Data of ongoing transactions is stored in RAM. Transactions that get too big
(in terms of number of operations involved or the total size of data created or
modified by the transaction) will be committed automatically. Effectively this
means that big user transactions are split into multiple smaller RocksDB
transactions that are committed individually. The entire user transaction will
not necessarily have ACID properties in this case.
The following options can be used to control the RAM usage and automatic
intermediate commits for the RocksDB engine:
`--rocksdb.wal-file-timeout-initial` (Hidden)
Timeout after which deletion of unused WAL files kicks in after server start
(in seconds). Default: 180.0s
By decreasing this option's value, the server will start the removal of obsolete
WAL files earlier after server start. This is useful in testing environments that
are space-restricted and do not require keeping much WAL file data at all.
`--rocksdb.max-transaction-size`
Transaction size limit (in bytes). Transactions store all keys and values in
RAM, so large transactions run the risk of causing out-of-memory situations.

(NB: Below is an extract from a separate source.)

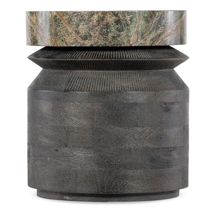 Description: With a pottery-like feel, the Valor Accent Table is crafted of Mango Solids in a black finish with a Green Forest Marble top. At 17 inches round, it has a convenient, compact footprint.
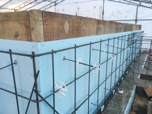 布基礎の外側と内側にも断熱材を打ち込みます。(外周部)

This setting allows you to ensure that does not happen by limiting the size of
any individual transaction. Transactions whose operations would consume more
RAM than this threshold value will abort automatically with error 32 ("resource
limit exceeded").
`--rocksdb.intermediate-commit-size`
If the size of all operations in a transaction reaches this threshold, the
transaction is committed automatically and a new transaction is started. The
value is specified in bytes.
`--rocksdb.intermediate-commit-count`
If the number of operations in a transaction reaches this value, the transaction
is committed automatically and a new transaction is started.
`--rocksdb.throttle`
If enabled, throttles the ingest rate of writes if necessary to reduce chances
of compactions getting too far behind and blocking incoming writes. This option
is `true` by default.
`--rocksdb.sync-interval`
The interval (in milliseconds) that ArangoDB will use to automatically
synchronize data in RocksDB's write-ahead logs to disk. Automatic syncs will
only be performed for not-yet synchronized data, and only for operations that
have been executed without the *waitForSync* attribute.
Note: this option is not supported on Windows platforms. Setting the option to
a value greater 0 will produce a startup warning.
`--rocksdb.use-file-logging`
When set to *true*, enables writing of RocksDB's own informational LOG files into
RocksDB's database directory.
This option is turned off by default, but can be enabled for debugging RocksDB
internals and performance.
`--rocksdb.debug-logging`
When set to *true*, enables verbose logging of RocksDB's actions into the logfile
written by ArangoDB (if option `--rocksdb.use-file-logging` is off) or RocksDB's
own log (if option `--rocksdb.use-file-logging` is on).
This option is turned off by default, but can be enabled for debugging RocksDB
internals and performance.